DATA SEGMENT:
+ + + +
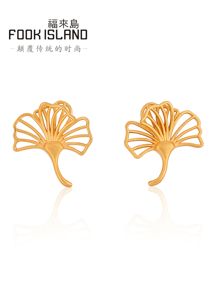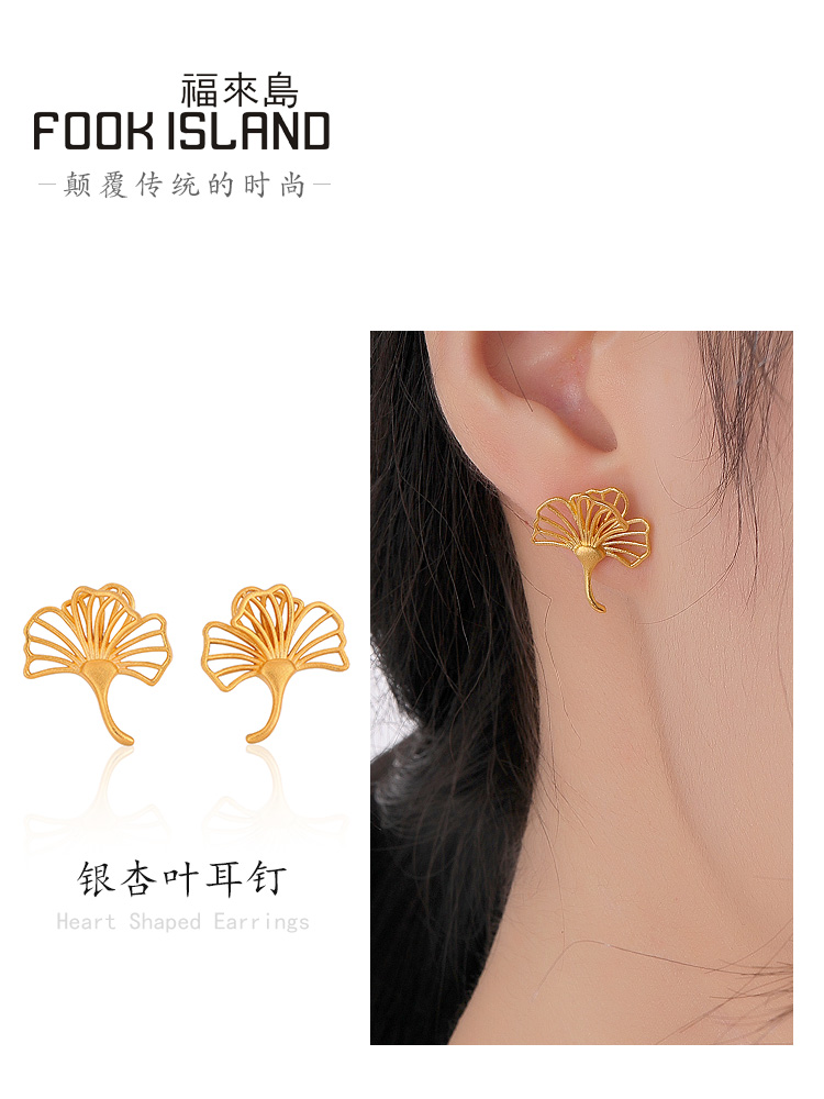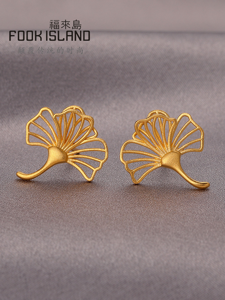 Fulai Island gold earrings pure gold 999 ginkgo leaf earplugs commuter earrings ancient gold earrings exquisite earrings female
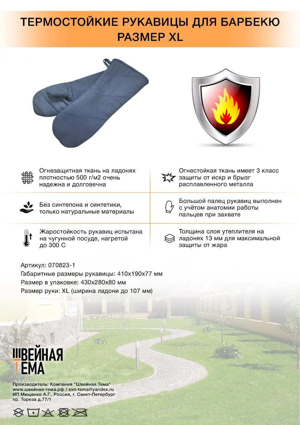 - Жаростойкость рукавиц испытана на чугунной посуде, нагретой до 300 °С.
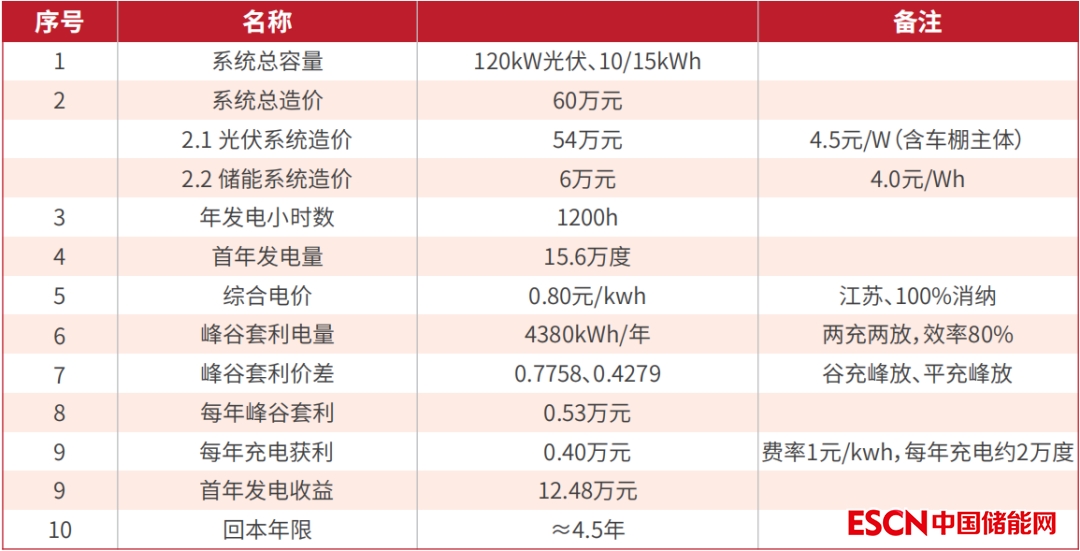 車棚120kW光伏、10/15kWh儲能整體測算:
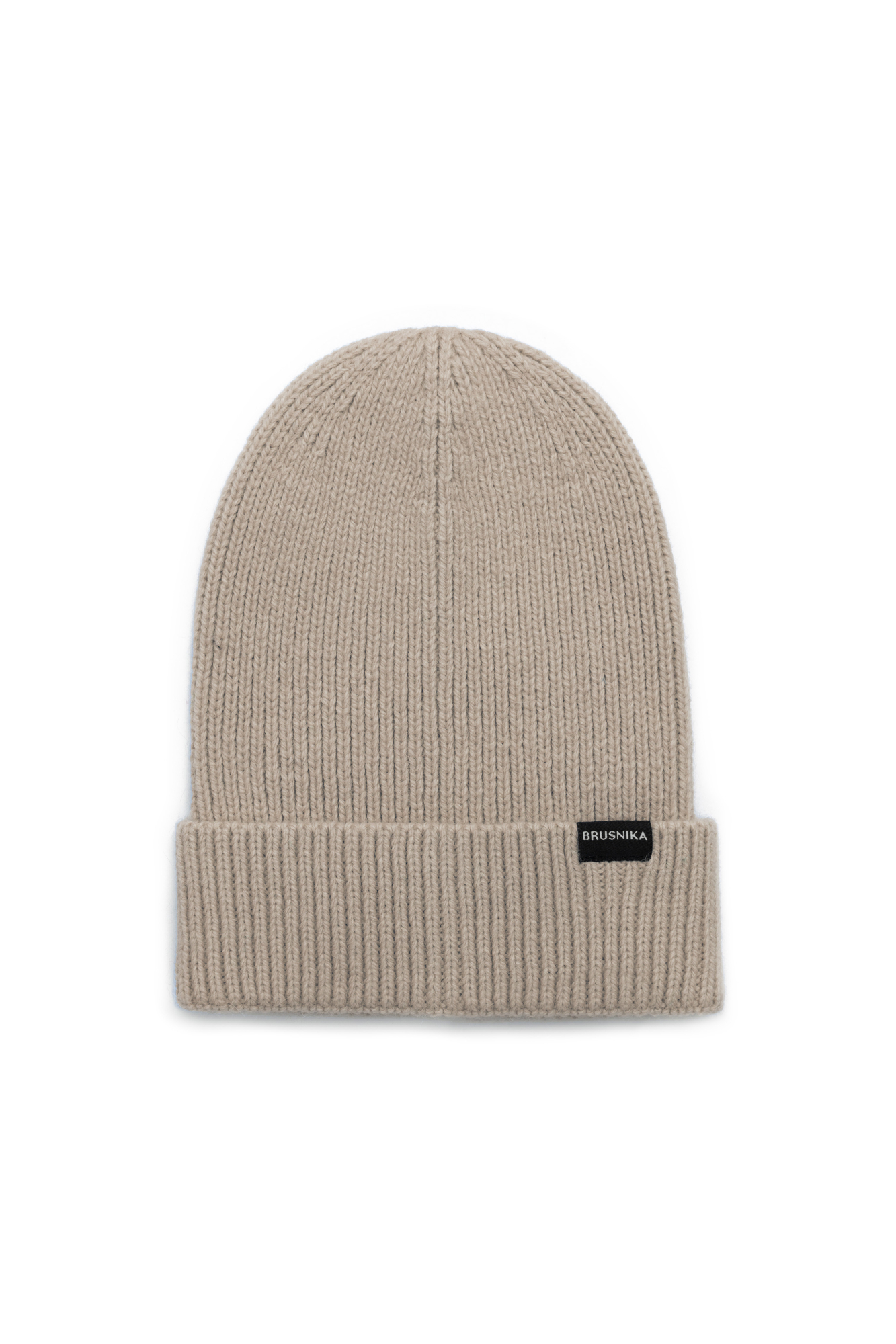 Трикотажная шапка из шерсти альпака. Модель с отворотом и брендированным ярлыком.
+ + + +
PROBLEM TO SOLVE: Apart from the pictures, the whole listing should be reproduced exactly.

EXERCISE SOLUTION:
 Fulai Island gold earrings pure gold 999 ginkgo leaf earplugs commuter earrings ancient gold earrings exquisite earrings female
 - Жаростойкость рукавиц испытана на чугунной посуде, нагретой до 300 °С.
 車棚120kW光伏、10/15kWh儲能整體測算:
 Трикотажная шапка из шерсти альпака. Модель с отворотом и брендированным ярлыком.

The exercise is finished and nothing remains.